I have/use VM's as my primary desktop (my host is ubuntu 22.04 or windows server 2022 and 2019).   I am a *VERY* heavy multi-task worker and have numerous applications and VM's running.   On a single VM I have the screen spanned across 5 2560x1440 displays (in vertical mode) so 7200x2560 resolution to the guest (s). 

Even with 8GB of sVGA memory I see issues where not everything can be stored in shared graphics on the guest.  It's close, and depends on the applications I'm running.   Does anyone know if you can override this to the guest to provide more sVGA memory?

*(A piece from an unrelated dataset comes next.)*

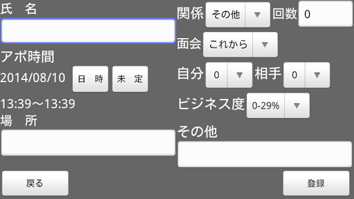 日付の登録、契約進行状態(ビジネス度)を登録することで、名前リストを有効活用します。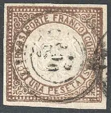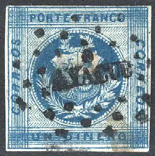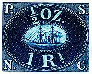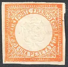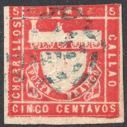 В 1857 году в Перу были введены в обращение литографские почтовые марки, которые были выпущены Тихоокеанской пароходной компанией и использовались в качестве провизориев[2]. На этих оригинальных марках присутствовали буквенные сокращения: «P. S. N. С.» (от англ. «Pacific Steam Navigation Company», «Тихоокеанская пароходная компания»), «OZ.» («унция»[16])[3][≡]. Большинство экземпляров почтовых марок Тихоокеанской пароходной компании, находящихся в обороте, являются фальшивыми.

Second but related question.  Since this is 'shared graphics memory' on the guest, I am assuming here that this is stored in the host's RAM and not directly mapped to the Host's GPU?  I.e. the host may map this to the gpu at a later point but, the guest/hypervisor stores this in the host's main memory?

Reason why I'm asking this is, IF the hypothesis is true, would changing the host hardware to use a platform that has more memory bandwidth help in performance for graphics on the guest?   i.e.  Opposed to a consumer platform of 2 channel memory, going to a server/workstation platform with 4-12 channel memory help here?  As the memory bandwidth would be greatly increased.  

Has anyone done any testing with this?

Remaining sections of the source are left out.